Alors qu'une douzaine d'immenses vaisseaux extraterrestres monolithiques (Kubrick, la référence absolue) prennent position aux quatre coins du globe et affolent le monde, la CIA fait appel à la linguiste Louise Banks (Amy Adams) pour tender d'entrer en contact avec les entitées jusqu'ici muettes et immobiles. Un duo se forme avec le scientifique Ian Donnelly (Jeremy Renner). Après un premier contact, Louise est assaillie par des visions récurrentes.
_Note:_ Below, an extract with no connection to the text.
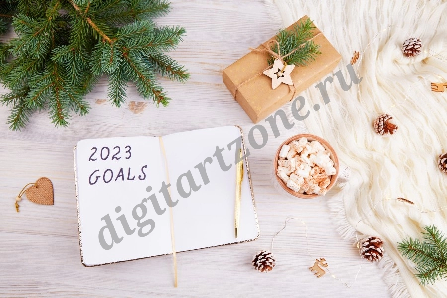 Открытая записная книжка с текстом из букв "Цели 2023". Планировщик, чашка какао или горячего шоколада с зефиром, подарок в крафт-бумаге, еловые ветки и рождественские украшения.

Dans le même temps, la Chine bientôt emboîtée par d'autres nations rompent toute communication avec les vaisseaux et coupent le flux des données récultées par leurs équipes. La première réponse du monde à la présence extraterrestre se solde par l'ignorance et une déclaration de guerre.
À l'image de Gravity, odyssée intérieure féminine qui se terminait au plus près de son héroine dans l'élément aquatique, Premier contact téléscope l'infiniment grand, l'univers et ses habitants potentiels, et le voyage intime d'une femme dont on connaît dès le début le trauma qui la ronge. Deux trajectoires liées à un langage commun qu'il faudra développer dans l'urgence, alors que le monde sombre dans la paranaoïa et ne se comprend plus.
À l'intérieur de l'antre qui n'est pas sans rappeler la maison de Louise (même cadrage horizontal, même ambiance ascètique), pas à pas, symbole après symbole, Denis Villeneuve filme l'apprentissage de ce langage vital aussi graphique que mystérieux, comme le premier élément d'une équation très malickienne dont l'inconnue humaine reste à déterminer. La découverte de celle‑ci, au mitan du film pour les plus perspicaces, nous renvoie alors au tout début de l'histoire. La boucle ‑le symbole‑ est bouclée.
De la grande et belle SF qui, parfois, en fait un peu trop (la dernière minute, longue), mais cache bien son jeu à l'image de ces heptapodes‑poulpes auquels on ne cesse, étrangement, de trouver des ressemblances avec les textures humaines.